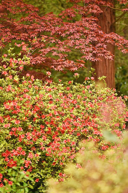 ... der "rote Hohlweg" mit strahlender Azalee unter dem Fächerahorn ...
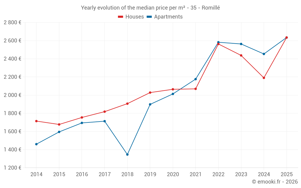 The median price on the 30 house transactions of the last 12 months in the municipality of Romillé was 2 546 € per square meter for a median property value of 255 000 €. Over this period, 60% of transactions were between 2 050 and 2 810 € per square meter (from the 2nd to the 8th deciles).
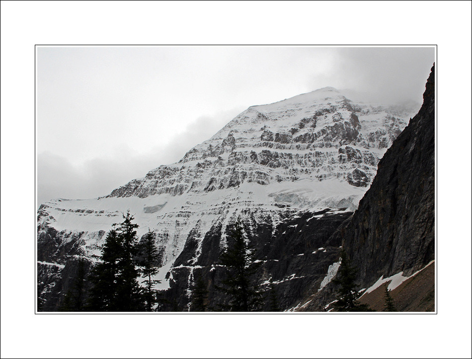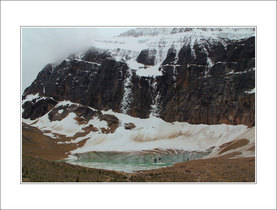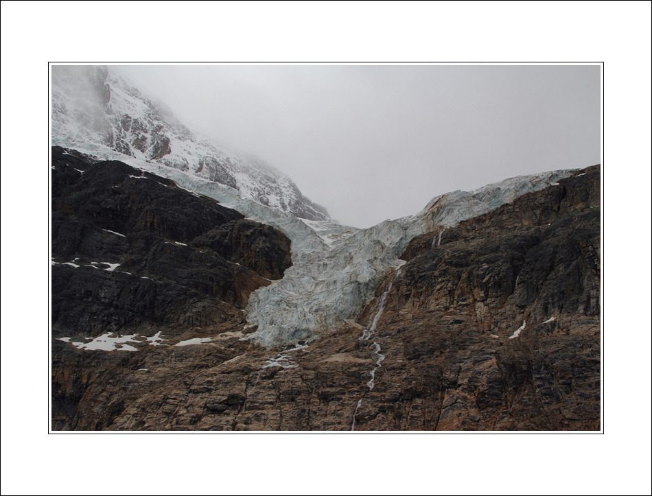 제스퍼 국립공원의 관광 하이라이트라 할 수 있는 Mt. Edith Cavell에 갔을 때 운 나뿌게도 비가 뿌리고 흐렸습니다, 그러나 한편, 종일 비가 내리는 중에서도 엔젤빙하 아래까지 트레일하는 두어시간 동안 그나마 빗줄기가 가늘어 지고 잠시 그쳐주기까지 한 것만으로도 감사할 일입니다 <2011.7.10>

◆ **Exercise instructions**:
Leaving out the pictures, restate each line of the listing above verbatim, from the opening line to the line bearing "The median price", inclusive, and no more.

◆ **Answer to the problem**:
 ... der "rote Hohlweg" mit strahlender Azalee unter dem Fächerahorn ...
 The median price on the 30 house transactions of the last 12 months in the municipality of Romillé was 2 546 € per square meter for a median property value of 255 000 €. Over this period, 60% of transactions were between 2 050 and 2 810 € per square meter (from the 2nd to the 8th deciles).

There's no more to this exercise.